Comments are one form of meta-data that is common in programming. A “young” developer often writes many comments describing every step of the code. The comments can be in-band comments (i.e. javadoc and other code comments) or out-of-band comments (i.e. UML diagrams and sequence diagrams). As the developer becomes more sophisticated, the comments are often compressed and restricted to more complex aspects (i.e. more salient). The more mature developers seem to take the approach that the code is the document and attempt to restrict the code to high level descriptions or essential complexities that can not be removed.

Of course this not apply to all programmers. As in natural language there is all sorts of reasons for using language. The above description applies to those programmers working in a small team of similarly skilled individuals who have the aim of producing a product with a balance of flexibility and robustness. Programmers who were working in a larger team have to worry about potential miscommunications and thus need to be far more precise in their communication (even if all members of the team are of roughly equal skill).

Comments as meta-data require some maintenance to keep correct. Incorrect documentation is often far worse than no documentation at all as it creates some confusion in the reader. Is the code wrong or the comments wrong? Have I misread the code or the comments and is it thus me that is wrong? The cognitive dissonance can be extremely disruptive to action[2].

Psychology experiments that ask a person to read a color word show that if the word is written in the same color the reaction time is fastest. The next fastest is when the word is written in a neutral color (such as black). The slowest reaction time occurs when the word is written in a non-neutral color that is different from what the word says (i.e. the word “red” written in green ink). With my pop-psychology sun glasses on I would hazard to guess that a similar impact is at work when meta-data does not line up.

So the value of meta-data is often relative to the level of compression of the meta-data (is it about a salient feature or does it “trivially” follow from the code (where trivial is relative to the programmer skill level), the chance that meta-data could be out of date (i.e. is it verified by a compiler or checker of sorts), the cost of maintaining the meta-data and the chance that the code and thus meta-data is likely to change.

The distinction between meta-data and data is often an arbitrary point. If meta-data is verified then is it really meta-data or is it just more data? Are the types within a statically typed language really data or meta-data that the compiler checks?

The claim that static types may in fact be frivolous meta-data that people can do with out raised a number of hackles as is to be expected.
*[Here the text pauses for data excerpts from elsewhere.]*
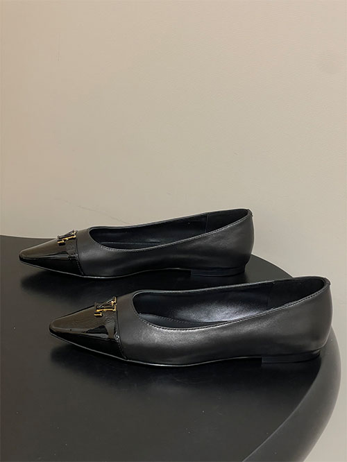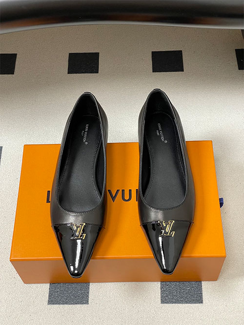 Crafted from premium calfskin leather with a glossy patent cap toe, these black LV ballet flats combine everyday comfort with refined elegance. The pointed toe enhances a sleek silhouette, while the flat construction ensures ease of movement for long hours. Designed for daily wear, commuting, and casual office styling, this pair delivers versatility, comfort, and timeless appeal.
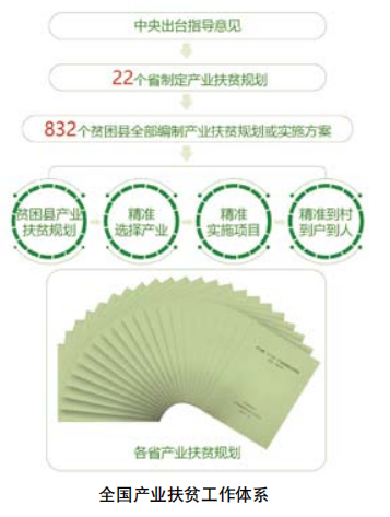2016年以来,召开3次全国产业扶贫工作会议,国务院领导同志出席会议并对产业扶贫工作作出重要部署。出台《贫困地区发展特色产业促进精准脱贫意见》《关于实施产业扶贫三年攻坚行动的意见》等文件,明确产业扶贫目标任务和到村到户帮扶举措。规划体系基本健全。中西部22个省份和832个贫困县全部编制产业扶贫规划,因地制宜确定了主导产业。四川省制定了全省、四大片区、深度贫困地区、县、村五级产业扶贫规划,形成了长江中上游柑橘、龙门山脉猕猴桃、川南优势早茶等特色产业集群发展态势。典型范例快速涌现。总结各地在特色产业发展、新型主体培育、联贫机制创新等方面的经验做法,推介了2批35个全国产业扶贫范例,发布10大产业扶贫机制创新,打造出洛川苹果、赣南脐橙、定西马铃薯等一批可学可看可推广的产业扶贫典型,有效发挥了引领示范作用。工作考核进一步完善。将产业扶贫纳入地方党委政府脱贫攻坚成效考核,重点考核政策措施落实、扶贫产业覆盖、新型经营主体带动、服务体系建设等情况,树立注重产业长期培育、提升产业发展质量的工作导向,切实克服产业扶贫领域的形式主义、官僚主义问题。
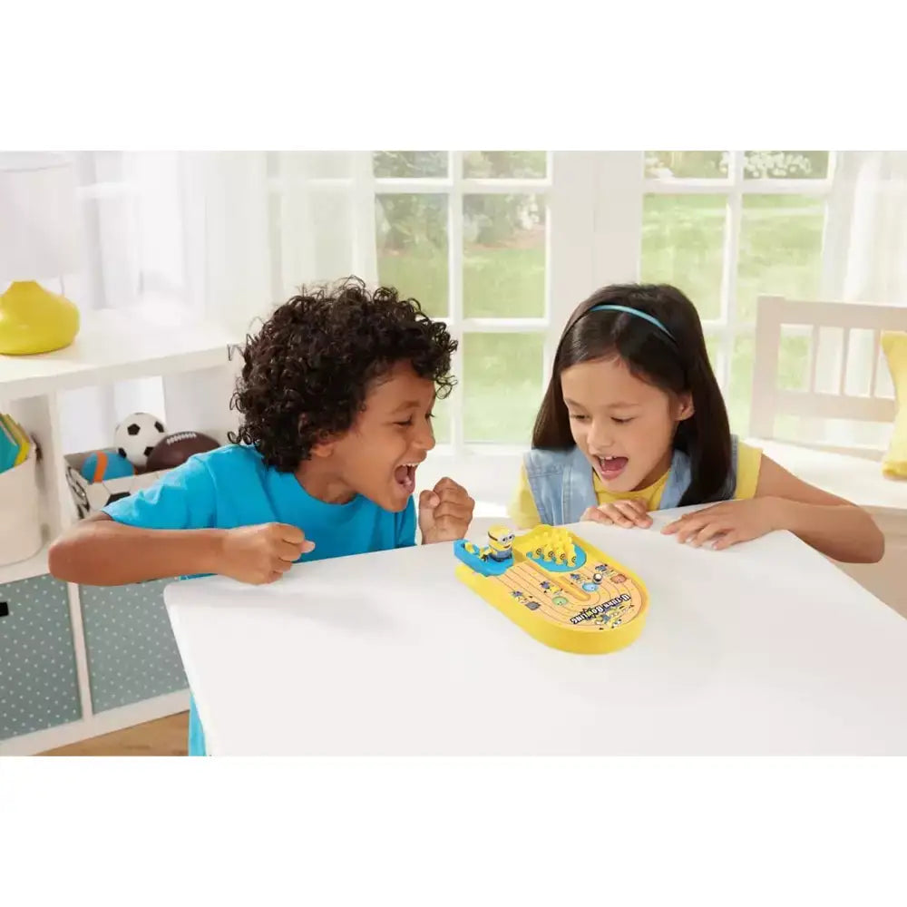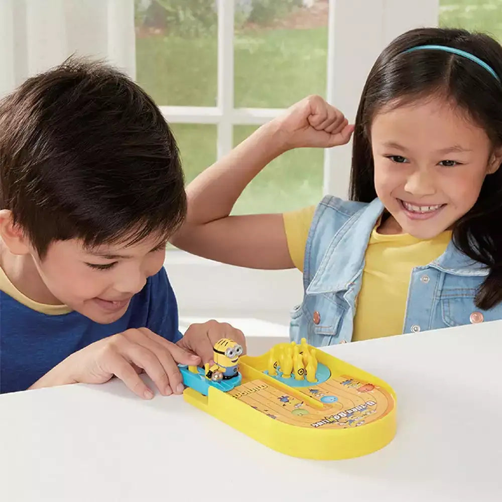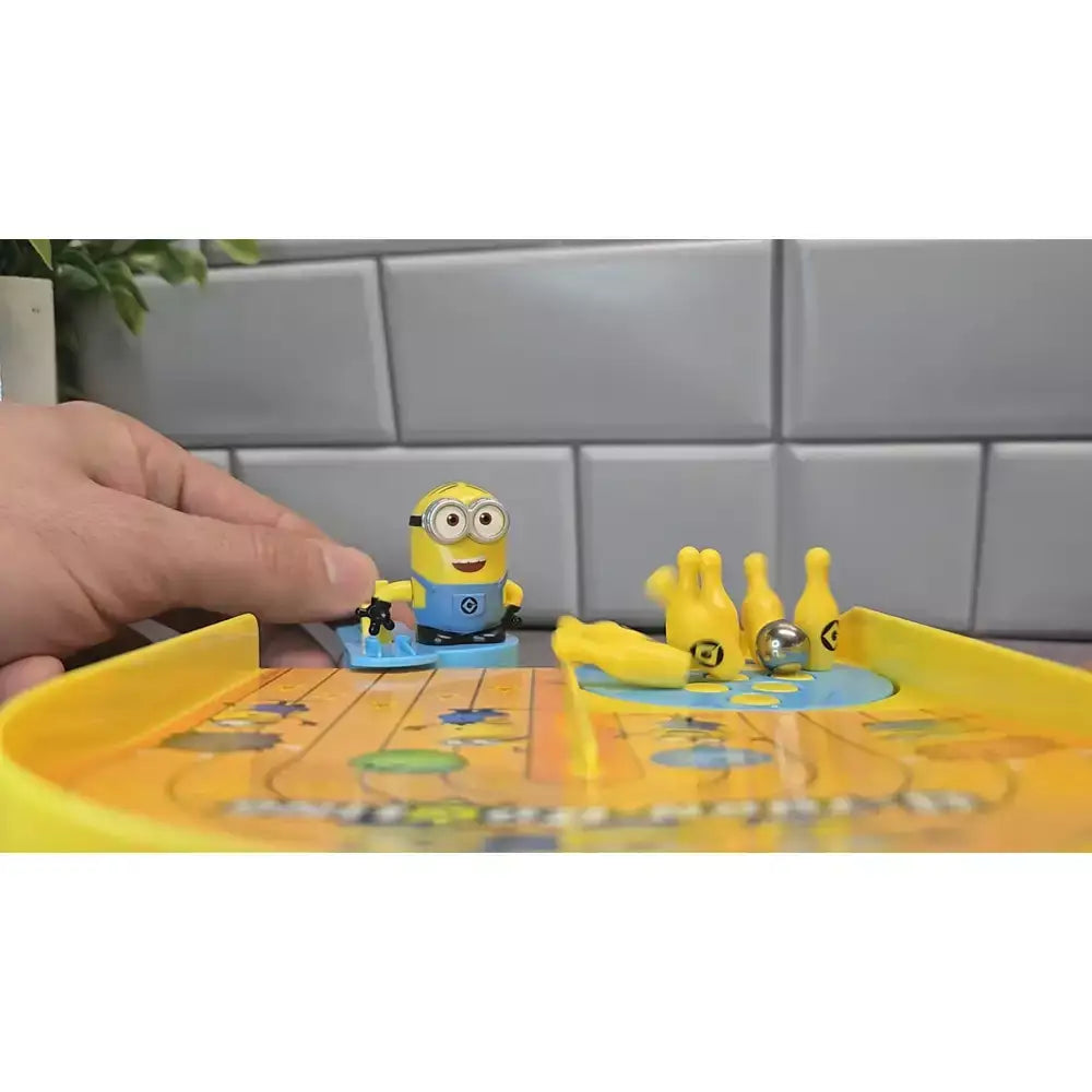 - Incluye: carril de juego, rampa de lanzamiento, bola y 6 bolos Minions.

The most interesting counter - ‘Concretizing static typing metadata’ made the claim that the static typing that “concretizes” the meta-data was not just for error avoidance but also aimed at actively increasing programmer productivity.

One of the more interesting points made in ‘Portrait of a n00b’ is that the failure of the semantic web is largely due to the fact the people will NOT spend considerable resources adding meta-data to their data. Systems with extreme levels of typing tend to also fail to gain traction outside of academia (where it offers many “research” opportunities in the same sense philosophy does) and defence / aerospace industries (and the adoption of ada may actually not be due to preference or any expectation by the individuals that it will bring better reliability but instead be due to a mandate from on high that were influenced by academic partners).
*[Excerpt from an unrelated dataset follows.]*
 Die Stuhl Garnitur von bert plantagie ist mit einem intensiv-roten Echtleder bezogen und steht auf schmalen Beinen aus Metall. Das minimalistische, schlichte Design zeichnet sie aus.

[1] It should be noted that Shakespeare often wrote for the common person and thus far less sophisticated people could understand and appreciate the work even if they missed the subtle nuances. However programming often has more in common with multiple people writing a story or perhaps multiple people creating a film. Having to talk to some of the people in baby talk is going to slow down the operation.

[2] When the code and comments line up and people expect them to line up then action may be faster but more action is required when the code needs to be altered thus potentially drying up any wins gained from faster action.